**** Given data

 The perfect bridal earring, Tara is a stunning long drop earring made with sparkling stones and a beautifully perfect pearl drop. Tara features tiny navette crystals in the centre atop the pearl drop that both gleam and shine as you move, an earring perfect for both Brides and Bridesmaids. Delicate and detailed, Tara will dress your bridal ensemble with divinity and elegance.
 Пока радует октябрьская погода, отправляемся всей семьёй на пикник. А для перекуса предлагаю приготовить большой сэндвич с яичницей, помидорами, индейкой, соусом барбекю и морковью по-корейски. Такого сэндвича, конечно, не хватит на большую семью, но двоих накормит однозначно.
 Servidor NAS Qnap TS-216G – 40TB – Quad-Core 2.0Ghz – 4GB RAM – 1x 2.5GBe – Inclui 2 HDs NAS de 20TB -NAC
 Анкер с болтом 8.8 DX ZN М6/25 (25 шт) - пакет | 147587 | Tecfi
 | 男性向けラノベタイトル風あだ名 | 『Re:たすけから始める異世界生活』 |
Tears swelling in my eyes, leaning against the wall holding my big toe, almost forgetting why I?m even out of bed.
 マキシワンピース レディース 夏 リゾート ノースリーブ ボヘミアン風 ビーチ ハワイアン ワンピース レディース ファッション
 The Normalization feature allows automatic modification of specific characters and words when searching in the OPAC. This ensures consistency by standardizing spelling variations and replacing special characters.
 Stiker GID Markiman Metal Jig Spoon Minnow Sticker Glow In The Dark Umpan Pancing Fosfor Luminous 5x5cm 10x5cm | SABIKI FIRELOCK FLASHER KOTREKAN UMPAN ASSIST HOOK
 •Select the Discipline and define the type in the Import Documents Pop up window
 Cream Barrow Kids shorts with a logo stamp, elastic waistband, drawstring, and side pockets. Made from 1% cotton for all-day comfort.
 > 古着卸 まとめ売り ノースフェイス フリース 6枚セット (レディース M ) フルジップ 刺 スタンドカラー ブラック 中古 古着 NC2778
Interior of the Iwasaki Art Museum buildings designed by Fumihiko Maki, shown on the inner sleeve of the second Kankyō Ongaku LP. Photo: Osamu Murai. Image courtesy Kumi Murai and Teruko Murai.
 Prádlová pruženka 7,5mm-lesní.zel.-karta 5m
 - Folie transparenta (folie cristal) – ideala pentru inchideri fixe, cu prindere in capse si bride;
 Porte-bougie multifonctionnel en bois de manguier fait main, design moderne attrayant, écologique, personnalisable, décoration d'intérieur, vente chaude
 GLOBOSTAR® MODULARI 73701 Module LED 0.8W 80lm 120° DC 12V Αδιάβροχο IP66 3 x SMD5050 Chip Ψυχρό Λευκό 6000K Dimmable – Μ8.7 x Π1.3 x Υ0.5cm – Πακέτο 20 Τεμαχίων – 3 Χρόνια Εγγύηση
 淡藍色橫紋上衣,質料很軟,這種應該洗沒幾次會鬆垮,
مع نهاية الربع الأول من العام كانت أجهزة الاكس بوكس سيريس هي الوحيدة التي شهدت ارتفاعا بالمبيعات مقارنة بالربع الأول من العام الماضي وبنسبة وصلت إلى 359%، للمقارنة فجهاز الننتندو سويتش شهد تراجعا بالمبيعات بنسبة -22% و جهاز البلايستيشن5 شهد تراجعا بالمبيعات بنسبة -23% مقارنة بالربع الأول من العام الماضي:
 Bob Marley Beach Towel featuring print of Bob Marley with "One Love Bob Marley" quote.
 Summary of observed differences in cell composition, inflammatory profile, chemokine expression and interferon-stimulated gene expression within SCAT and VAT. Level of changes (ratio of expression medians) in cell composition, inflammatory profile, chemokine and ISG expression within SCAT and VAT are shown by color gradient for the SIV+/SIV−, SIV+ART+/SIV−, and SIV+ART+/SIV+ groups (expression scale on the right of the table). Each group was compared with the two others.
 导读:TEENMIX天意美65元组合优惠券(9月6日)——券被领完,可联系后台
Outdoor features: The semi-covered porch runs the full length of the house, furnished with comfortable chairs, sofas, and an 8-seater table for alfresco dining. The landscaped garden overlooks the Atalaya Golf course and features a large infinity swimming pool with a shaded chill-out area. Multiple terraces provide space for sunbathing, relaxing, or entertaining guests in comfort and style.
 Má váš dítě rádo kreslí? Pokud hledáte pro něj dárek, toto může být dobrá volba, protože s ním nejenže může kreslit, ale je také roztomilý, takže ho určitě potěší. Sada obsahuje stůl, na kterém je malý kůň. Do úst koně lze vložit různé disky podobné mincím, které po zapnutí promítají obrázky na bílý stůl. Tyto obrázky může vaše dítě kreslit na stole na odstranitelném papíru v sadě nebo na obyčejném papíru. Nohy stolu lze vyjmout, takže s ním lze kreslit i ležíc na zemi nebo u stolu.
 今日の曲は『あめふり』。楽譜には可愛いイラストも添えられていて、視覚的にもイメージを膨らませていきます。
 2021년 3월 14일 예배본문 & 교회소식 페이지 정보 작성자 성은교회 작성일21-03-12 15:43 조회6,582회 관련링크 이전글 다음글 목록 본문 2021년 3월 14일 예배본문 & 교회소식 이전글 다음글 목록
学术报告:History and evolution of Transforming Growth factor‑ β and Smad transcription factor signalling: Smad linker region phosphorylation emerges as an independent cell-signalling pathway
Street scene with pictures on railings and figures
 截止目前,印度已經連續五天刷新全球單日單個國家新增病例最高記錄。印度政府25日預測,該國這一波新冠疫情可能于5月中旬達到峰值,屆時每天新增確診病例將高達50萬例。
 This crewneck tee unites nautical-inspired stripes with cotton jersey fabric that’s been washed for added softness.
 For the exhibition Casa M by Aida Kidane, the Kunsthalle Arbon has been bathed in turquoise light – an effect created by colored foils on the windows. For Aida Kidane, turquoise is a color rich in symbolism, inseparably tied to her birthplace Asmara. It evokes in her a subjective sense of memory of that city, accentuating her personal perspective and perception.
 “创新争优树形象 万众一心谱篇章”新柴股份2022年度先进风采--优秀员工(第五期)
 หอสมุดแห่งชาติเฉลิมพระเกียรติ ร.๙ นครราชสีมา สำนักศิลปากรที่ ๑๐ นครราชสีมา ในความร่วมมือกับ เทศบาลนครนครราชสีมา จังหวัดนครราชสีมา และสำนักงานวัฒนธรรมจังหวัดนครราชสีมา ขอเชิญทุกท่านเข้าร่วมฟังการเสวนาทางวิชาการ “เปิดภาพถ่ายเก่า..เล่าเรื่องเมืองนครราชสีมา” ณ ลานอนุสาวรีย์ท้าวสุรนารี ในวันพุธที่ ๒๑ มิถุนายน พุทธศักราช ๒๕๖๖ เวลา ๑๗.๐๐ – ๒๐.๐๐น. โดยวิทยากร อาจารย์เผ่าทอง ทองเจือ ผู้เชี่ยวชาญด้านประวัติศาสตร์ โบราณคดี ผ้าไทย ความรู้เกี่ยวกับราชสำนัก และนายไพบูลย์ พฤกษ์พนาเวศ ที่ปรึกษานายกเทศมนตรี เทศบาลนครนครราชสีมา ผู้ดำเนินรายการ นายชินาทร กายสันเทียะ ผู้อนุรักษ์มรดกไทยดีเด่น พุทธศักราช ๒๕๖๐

********

§ Exercise requirements: Would you output the whole listing exactly as written?

§ Task response:
 The perfect bridal earring, Tara is a stunning long drop earring made with sparkling stones and a beautifully perfect pearl drop. Tara features tiny navette crystals in the centre atop the pearl drop that both gleam and shine as you move, an earring perfect for both Brides and Bridesmaids. Delicate and detailed, Tara will dress your bridal ensemble with divinity and elegance.
 Пока радует октябрьская погода, отправляемся всей семьёй на пикник. А для перекуса предлагаю приготовить большой сэндвич с яичницей, помидорами, индейкой, соусом барбекю и морковью по-корейски. Такого сэндвича, конечно, не хватит на большую семью, но двоих накормит однозначно.
 Servidor NAS Qnap TS-216G – 40TB – Quad-Core 2.0Ghz – 4GB RAM – 1x 2.5GBe – Inclui 2 HDs NAS de 20TB -NAC
 Анкер с болтом 8.8 DX ZN М6/25 (25 шт) - пакет | 147587 | Tecfi
 | 男性向けラノベタイトル風あだ名 | 『Re:たすけから始める異世界生活』 |
Tears swelling in my eyes, leaning against the wall holding my big toe, almost forgetting why I?m even out of bed.
 マキシワンピース レディース 夏 リゾート ノースリーブ ボヘミアン風 ビーチ ハワイアン ワンピース レディース ファッション
 The Normalization feature allows automatic modification of specific characters and words when searching in the OPAC. This ensures consistency by standardizing spelling variations and replacing special characters.
 Stiker GID Markiman Metal Jig Spoon Minnow Sticker Glow In The Dark Umpan Pancing Fosfor Luminous 5x5cm 10x5cm | SABIKI FIRELOCK FLASHER KOTREKAN UMPAN ASSIST HOOK
 •Select the Discipline and define the type in the Import Documents Pop up window
 Cream Barrow Kids shorts with a logo stamp, elastic waistband, drawstring, and side pockets. Made from 1% cotton for all-day comfort.
 > 古着卸 まとめ売り ノースフェイス フリース 6枚セット (レディース M ) フルジップ 刺 スタンドカラー ブラック 中古 古着 NC2778
Interior of the Iwasaki Art Museum buildings designed by Fumihiko Maki, shown on the inner sleeve of the second Kankyō Ongaku LP. Photo: Osamu Murai. Image courtesy Kumi Murai and Teruko Murai.
 Prádlová pruženka 7,5mm-lesní.zel.-karta 5m
 - Folie transparenta (folie cristal) – ideala pentru inchideri fixe, cu prindere in capse si bride;
 Porte-bougie multifonctionnel en bois de manguier fait main, design moderne attrayant, écologique, personnalisable, décoration d'intérieur, vente chaude
 GLOBOSTAR® MODULARI 73701 Module LED 0.8W 80lm 120° DC 12V Αδιάβροχο IP66 3 x SMD5050 Chip Ψυχρό Λευκό 6000K Dimmable – Μ8.7 x Π1.3 x Υ0.5cm – Πακέτο 20 Τεμαχίων – 3 Χρόνια Εγγύηση
 淡藍色橫紋上衣,質料很軟,這種應該洗沒幾次會鬆垮,
مع نهاية الربع الأول من العام كانت أجهزة الاكس بوكس سيريس هي الوحيدة التي شهدت ارتفاعا بالمبيعات مقارنة بالربع الأول من العام الماضي وبنسبة وصلت إلى 359%، للمقارنة فجهاز الننتندو سويتش شهد تراجعا بالمبيعات بنسبة -22% و جهاز البلايستيشن5 شهد تراجعا بالمبيعات بنسبة -23% مقارنة بالربع الأول من العام الماضي:
 Bob Marley Beach Towel featuring print of Bob Marley with "One Love Bob Marley" quote.
 Summary of observed differences in cell composition, inflammatory profile, chemokine expression and interferon-stimulated gene expression within SCAT and VAT. Level of changes (ratio of expression medians) in cell composition, inflammatory profile, chemokine and ISG expression within SCAT and VAT are shown by color gradient for the SIV+/SIV−, SIV+ART+/SIV−, and SIV+ART+/SIV+ groups (expression scale on the right of the table). Each group was compared with the two others.
 导读:TEENMIX天意美65元组合优惠券(9月6日)——券被领完,可联系后台
Outdoor features: The semi-covered porch runs the full length of the house, furnished with comfortable chairs, sofas, and an 8-seater table for alfresco dining. The landscaped garden overlooks the Atalaya Golf course and features a large infinity swimming pool with a shaded chill-out area. Multiple terraces provide space for sunbathing, relaxing, or entertaining guests in comfort and style.
 Má váš dítě rádo kreslí? Pokud hledáte pro něj dárek, toto může být dobrá volba, protože s ním nejenže může kreslit, ale je také roztomilý, takže ho určitě potěší. Sada obsahuje stůl, na kterém je malý kůň. Do úst koně lze vložit různé disky podobné mincím, které po zapnutí promítají obrázky na bílý stůl. Tyto obrázky může vaše dítě kreslit na stole na odstranitelném papíru v sadě nebo na obyčejném papíru. Nohy stolu lze vyjmout, takže s ním lze kreslit i ležíc na zemi nebo u stolu.
 今日の曲は『あめふり』。楽譜には可愛いイラストも添えられていて、視覚的にもイメージを膨らませていきます。
 2021년 3월 14일 예배본문 & 교회소식 페이지 정보 작성자 성은교회 작성일21-03-12 15:43 조회6,582회 관련링크 이전글 다음글 목록 본문 2021년 3월 14일 예배본문 & 교회소식 이전글 다음글 목록
学术报告:History and evolution of Transforming Growth factor‑ β and Smad transcription factor signalling: Smad linker region phosphorylation emerges as an independent cell-signalling pathway
Street scene with pictures on railings and figures
 截止目前,印度已經連續五天刷新全球單日單個國家新增病例最高記錄。印度政府25日預測,該國這一波新冠疫情可能于5月中旬達到峰值,屆時每天新增確診病例將高達50萬例。
 This crewneck tee unites nautical-inspired stripes with cotton jersey fabric that’s been washed for added softness.
 For the exhibition Casa M by Aida Kidane, the Kunsthalle Arbon has been bathed in turquoise light – an effect created by colored foils on the windows. For Aida Kidane, turquoise is a color rich in symbolism, inseparably tied to her birthplace Asmara. It evokes in her a subjective sense of memory of that city, accentuating her personal perspective and perception.
 “创新争优树形象 万众一心谱篇章”新柴股份2022年度先进风采--优秀员工(第五期)
 หอสมุดแห่งชาติเฉลิมพระเกียรติ ร.๙ นครราชสีมา สำนักศิลปากรที่ ๑๐ นครราชสีมา ในความร่วมมือกับ เทศบาลนครนครราชสีมา จังหวัดนครราชสีมา และสำนักงานวัฒนธรรมจังหวัดนครราชสีมา ขอเชิญทุกท่านเข้าร่วมฟังการเสวนาทางวิชาการ “เปิดภาพถ่ายเก่า..เล่าเรื่องเมืองนครราชสีมา” ณ ลานอนุสาวรีย์ท้าวสุรนารี ในวันพุธที่ ๒๑ มิถุนายน พุทธศักราช ๒๕๖๖ เวลา ๑๗.๐๐ – ๒๐.๐๐น. โดยวิทยากร อาจารย์เผ่าทอง ทองเจือ ผู้เชี่ยวชาญด้านประวัติศาสตร์ โบราณคดี ผ้าไทย ความรู้เกี่ยวกับราชสำนัก และนายไพบูลย์ พฤกษ์พนาเวศ ที่ปรึกษานายกเทศมนตรี เทศบาลนครนครราชสีมา ผู้ดำเนินรายการ นายชินาทร กายสันเทียะ ผู้อนุรักษ์มรดกไทยดีเด่น พุทธศักราช ๒๕๖๐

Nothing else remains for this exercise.